Chesy students learn basics building

Published 10:05 am Tuesday, April 19, 2011

Dylan Maynard and Wyatt Burns put the finishing touches on a house they designed.

CHESAPEAKE — Jearl Sasser jokes he has one of the noisiest classes at Chesapeake High School.

This past Friday it certainly looked like one of the most active as his ninth grade engineering students were anything but quiet as they were absorbing the rudiments of design. It’s all a part of discovering if the world of engineering and design is the career these students want when they leave school.

“This is teaching all kinds of engineering,” Sasser said about his Project Lead the Way class.

Email newsletter signup

The assignment started with each of the 26 students creating their own model residential houses by using a computer added design program. Then the students were put in small groups with each team agreeing on the architectural style house they would create out of cardboard.

“This teaches them to brainstorm and how to work in groups,” Sasser said. “I tell them you may work with people you don’t always like, but you have to work with them.”
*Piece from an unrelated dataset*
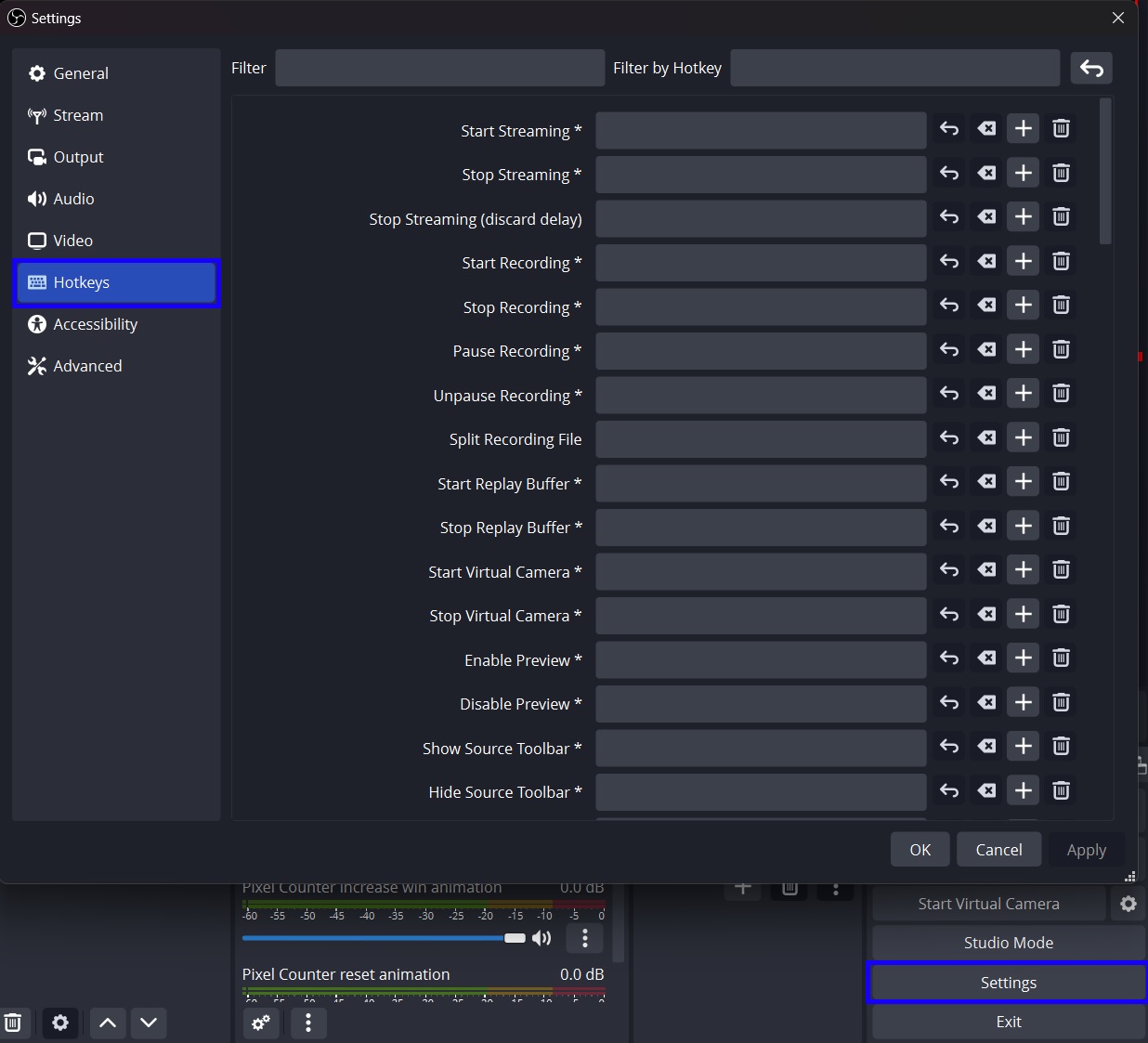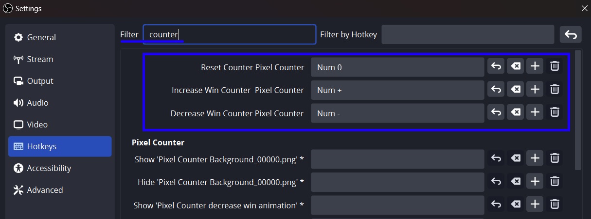 - Search for "counter" to reveal the specific Counter Hotkey controls

Next they took their ideas and turned them into a bricks and mortar, or rather paper and glue, structure.

It was a two-story brick with modified dormer windows that the team of Dylan Maynard, Wyatt Burns, Jeffrey McClelland, Sawyer Stephens and Brian Perdue chose.

“We wanted to go for something like a modern house,” Jeffrey said.

To bring their cardboard shell to life, they Googled designs of brick, asphalt shingles, windows, even a welcome mat, printed them out and pasted them on. Wooden sticks were painstakingly cut and glued to create porch pillars.

Sasser calls his teaching style non-traditional where students spend the majority of class time on hands-on projects. It’s that kind of teaching that appeals to Brian.

“Other classes you just sit there with your book open,” he said.

And it’s the end project that gives Dylan a special satisfaction.

“When you make it look good, it makes you feel good,” Dylan said. ‘You can look at that and say we made it.”